Data below Block Start

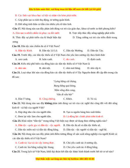 Câu 18. Dân tộc nào chiếm đa số ở Việt Nam? A. Dân tộc Kinh. B. Dân tộc Lô Lô. C. Dân tộc Mường. D. Dân tộc Tày.
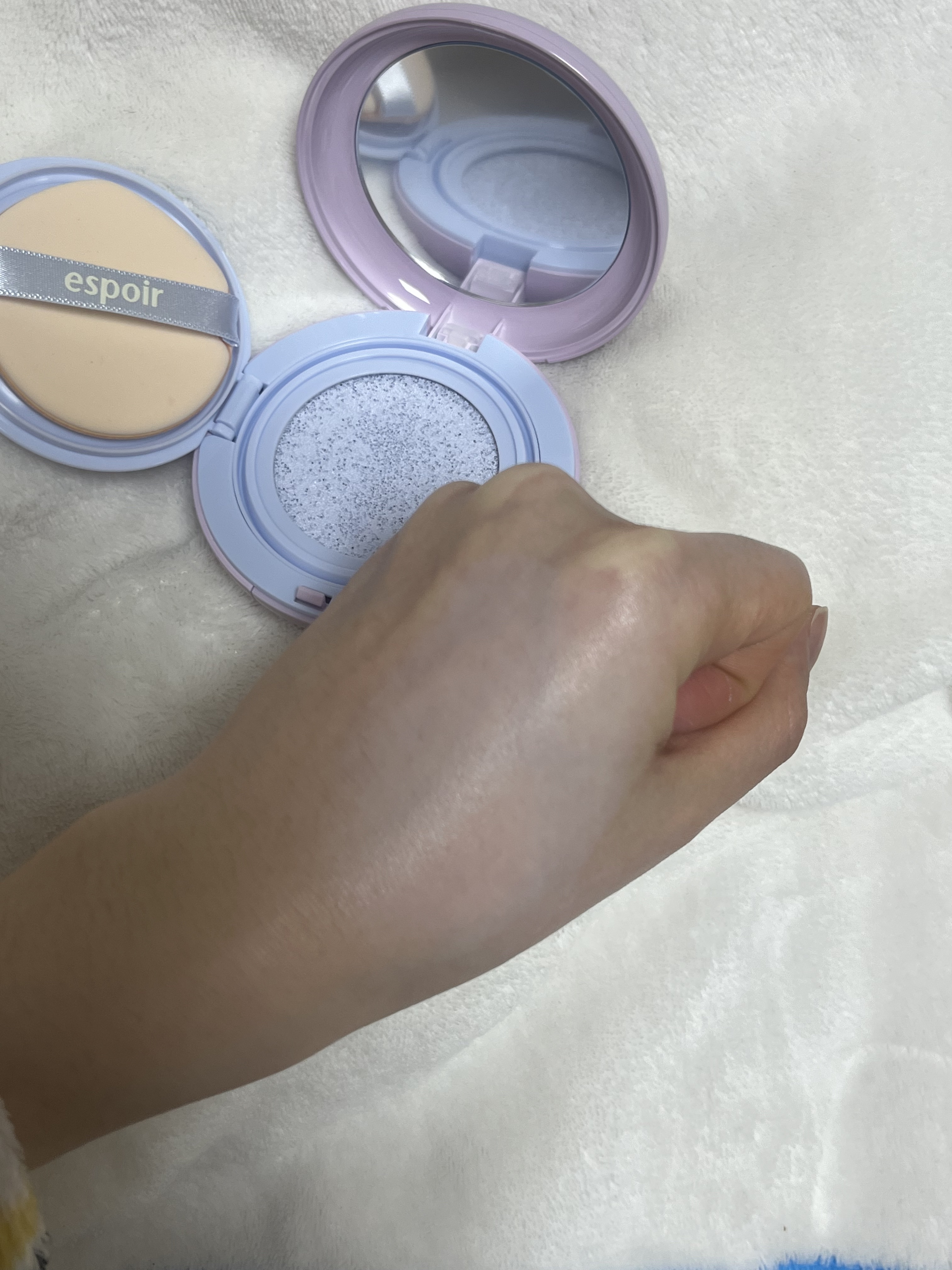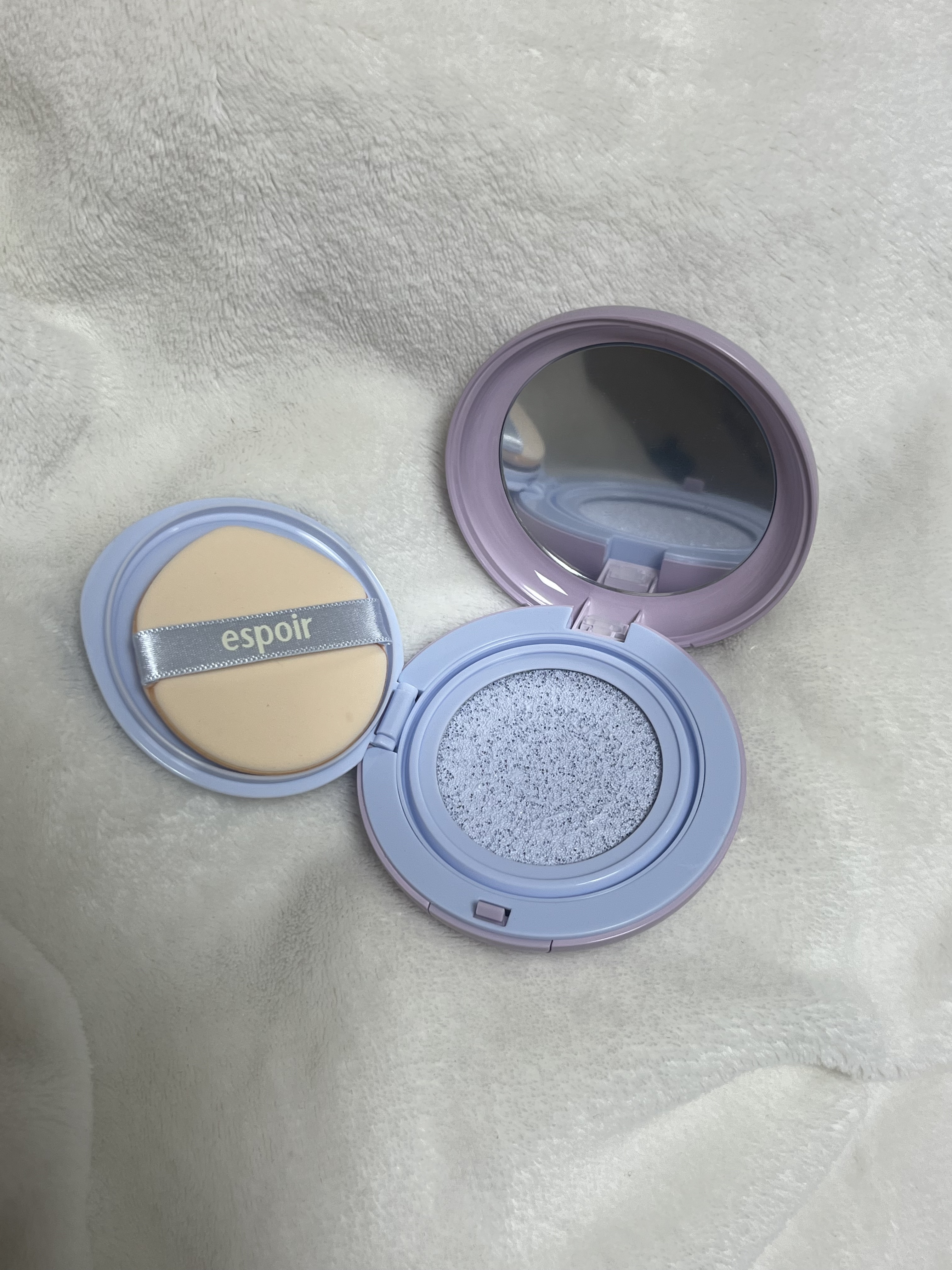 エスプアのクッションファンデのパフはいつもこんなにふわふわで大好き💕 塗った感じは水色が濃いかなと思ったのですが、馴染ませて肌に馴染んで肌が白く見える😚❤️ わたしがブルベ夏なので、くすんだ肌がトーンアップして見えてさらに透明感がでます✨👍 高保湿ヒアルロン酸が含まれているからか冬でもしっとりとした肌でいられます🥰
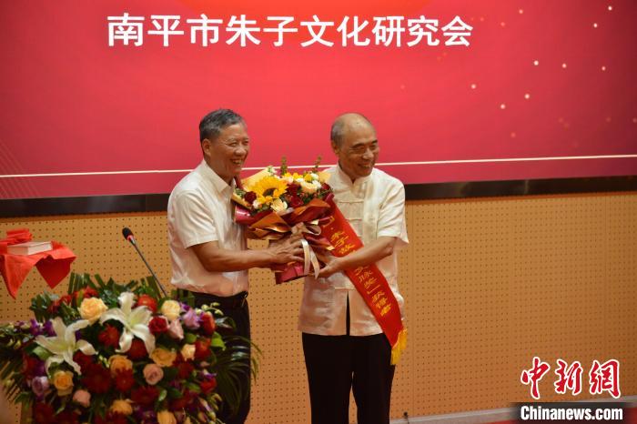 圖為第五屆“文脈獎”授予武夷文化研究院名譽院長吳邦才(右)?!∪~國寶 攝
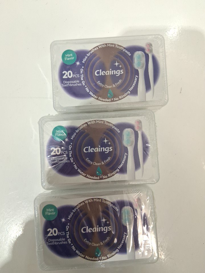 3(20pc) cleaings travel mini brushes with mint toothpaste - white

Data below Block End

Print the preceding material over again exactly. Please leave the pictures out.

 Câu 18. Dân tộc nào chiếm đa số ở Việt Nam? A. Dân tộc Kinh. B. Dân tộc Lô Lô. C. Dân tộc Mường. D. Dân tộc Tày.
 エスプアのクッションファンデのパフはいつもこんなにふわふわで大好き💕 塗った感じは水色が濃いかなと思ったのですが、馴染ませて肌に馴染んで肌が白く見える😚❤️ わたしがブルベ夏なので、くすんだ肌がトーンアップして見えてさらに透明感がでます✨👍 高保湿ヒアルロン酸が含まれているからか冬でもしっとりとした肌でいられます🥰
 圖為第五屆“文脈獎”授予武夷文化研究院名譽院長吳邦才(右)?!∪~國寶 攝
 3(20pc) cleaings travel mini brushes with mint toothpaste - white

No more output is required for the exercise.